This week I finished the book Unmasking AI by Joy Buolamwini, a look into the issues that can raise when AI systems are trained and deplyoed without thinking about its weider implications and taking a moment to consider how the data was gathered, who is represented and who isn’t.
It took me a good third of the book to really get into it, but than I really enyjoed reading it and can recommend it to anybody that is building AI systems that could really impact somebodies live.
News
WWDC that is Apple’s big developer conference, which happened this week. Of course there were a bunch of news around AI, so I picked a summary article that details things more:
Foundational Model Fframework to access on device models, XCode gets AI enhancements and a lot more from Apple.

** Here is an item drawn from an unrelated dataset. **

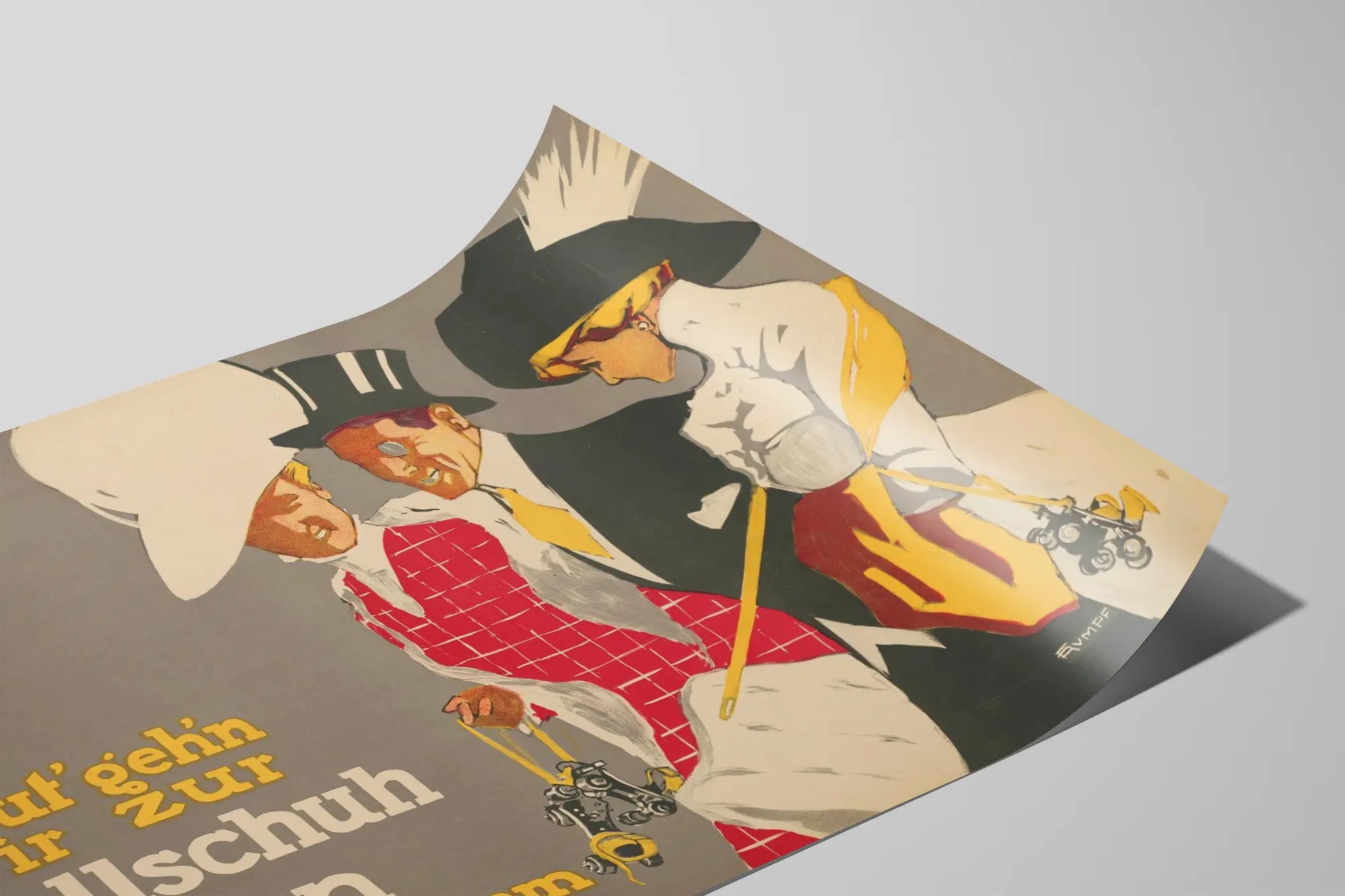 This captivating vintage poster titled « Heute gehen wir zur Rollschuh Bahn Kurfürstendamm » is a unique wall decoration piece that adds a retro and elegant touch to any interior. The visual features three characters dressed with refinement, evoking a sophisticated and festive atmosphere, vintage and urban. The presence of roller skates in the characters' hands emphasizes the dynamic and playful theme of the decoration, perfect for enthusiasts of vintage leisure activities and graphic art.

Magistral is the first reasoning model released by Mistral and the small version (24B parameters) has been released under the Apache 2.0 license.
V-JEPA 2 is a world model that has been released by Meta under the MIT license. Along with that we also saw the release of additional physical reasoning benchmarks.
In addition to releasing V-JEPA 2, Meta also invested over $14 billion in Scale AI, with reports staiting that its CEO will be joining Metas new Superintelligence Lab. Also of note is the new o3-pro release from OpenAI, along with an 80% cost reduction for their o3 model.
Articles
The week was characterized by some fascinating papers:
Frontier LLMs like GPT-4 and Gemini-2.5 can often detect when they're being evaluated and may behave differently in those scenarios. This compromises the validity of AI safety and performance benchmarks. As models get smarter, eval-awareness could lead to deceptive behavior, making it critical to develop better tools to detect and mitigate this awareness.
Internal Coherence Maximization (ICM) lets language models teach themselves by labeling data in ways that are internally consistent and predictable.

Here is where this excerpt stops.